The Adsorption & Separation group mainly works on multiscale adsorptive separations for sustainable chemical processing. The main objective is to reduce greenhouse gas emissions, energy storage and wastewater treatment. Synthesis of novel adsorbent materials and investigation of adsorbate uptakes of several pollutants and greenhouse gasses are investigated. Various modeling techniques such as density functional theory, molecular simulations, and computational fluid dynamics are used to predict adsorbent material properties and system dynamics. This multiscale modeling approach helps understand the adsorbent structure to improve the adsorbate uptake on a packed bed level. We work on complex environmental problems such as carbon dioxide capture and storage (CCS), which reduces greenhouse emissions from power plant flue gasses and is later used as a solvent in pharmaceutical industries. This group also focuses on designing and synthesizing novel porous crystalline materials such as metal-organic frameworks for hydrogen and methane storage applications.

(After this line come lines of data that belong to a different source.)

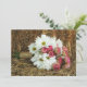 En bröllopsinbjudning med ett foto av en bukett med daisy och rosa blommor som vilar på en hö. Motsatt sida har hö-bakgrund. Anpassa texten med information om tillfälle.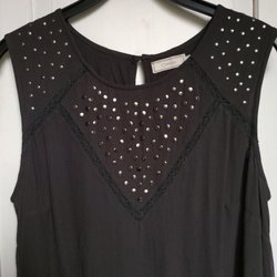 En halsduk med kamouflagemönster i gröna och bruna nyanser. Halsduken har fransade kanter. Ca 190x98cm. Den har fått några tråddragningar. Vill minnas att det är viskos, men etiketten är bortklippt. Använd några få gånger, så förutom att den har fått några tråddragningar, så är den i gott skick. Vi har katt.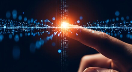Finger touching a glowing stream of binary code and light particles on a dark background, representing digital technology and data flow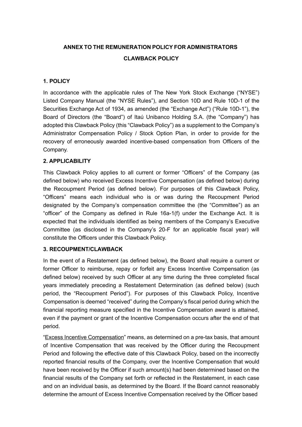 ANNEX TO THE REMUNERATION POLICY FOR ADMINISTRATORS CLAWBACK POLICY 1. POLICY In accordance with the applicable rules of The New York Stock Exchange (“NYSE”) Listed Company Manual (the “NYSE Rules”), and Section 10D and Rule 10D-1 of the Securities Exchange Act of 1934, as amended (the “Exchange Act”) (“Rule 10D-1”), the Board of Directors (the “Board”) of Itaú Unibanco Holding S.A. (the “Company”) has adopted this Clawback Policy (this “Clawback Policy”) as a supplement to the Company’s Administrator Compensation Policy / Stock Option Plan, in order to provide for the recovery of erroneously awarded incentive-based compensation from Officers of the Company. 2. APPLICABILITY This Clawback Policy applies to all current or former “Officers” of the Company (as defined below) who received Excess Incentive Compensation (as defined below) during the Recoupment Period (as defined below). For purposes of this Clawback Policy, “Officers” means each individual who is or was during the Recoupment Period designated by the Company’s compensation committee the (the “Committee”) as an “officer” of the Company as defined in Rule 16a-1(f) under the Exchange Act. It is expected that the individuals identified as being members of the Company’s Executive Committee (as disclosed in the Company’s 20-F for an applicable fiscal year) will constitute the Officers under this Clawback Policy. 3. RECOUPMENT/CLAWBACK In the event of a Restatement (as defined below), the Board shall require a current or former Officer to reimburse, repay or forfeit any Excess Incentive Compensation (as defined below) received by such Officer at any time during the three completed fiscal years immediately preceding a Restatement Determination (as defined below) (such period, the “Recoupment Period”). For purposes of this Clawback Policy, Incentive Compensation is deemed “received” during the Company’s fiscal period during which the financial reporting measure specified in the Incentive Compensation award is attained, even if the payment or grant of the Incentive Compensation occurs after the end of that period. “Excess Incentive Compensation” means, as determined on a pre-tax basis, that amount of Incentive Compensation that was received by the Officer during the Recoupment Period and following the effective date of this Clawback Policy, based on the incorrectly reported financial results of the Company, over the Incentive Compensation that would have been received by the Officer if such amount(s) had been determined based on the financial results of the Company set forth or reflected in the Restatement, in each case and on an individual basis, as determined by the Board. If the Board cannot reasonably determine the amount of Excess Incentive Compensation received by the Officer based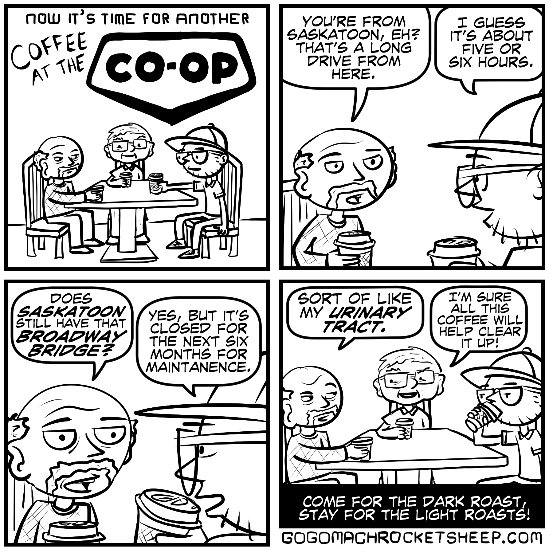 Thanks so much for reading these comics and this blog post! I just got back from doing BOLDTCON in Humboldt, Sask, and it was a lot of fun (that link is to an article about the convention, and there’s a brief interview with me in the article!). Sold some books, met some rad people, good times all around!

The polymers research group is involved in the development of i) new proton exchange membranes for the fuel cell technology ii) membranes for the wastewater treatment, iii) surface engineered catalyst designs for various applications. The group also researches membrane filtration and understanding the transport mechanisms in the polymeric membranes. The group also works on modeling the thermodynamics of polymeric phase inversion for multicomponent systems that can be used to predict the phase morphology of polymeric networks during phase change. Modeling of the solubility sphere and estimation of solubility parameters is also accomplished by the group for novel materials, for both organic and inorganic materials.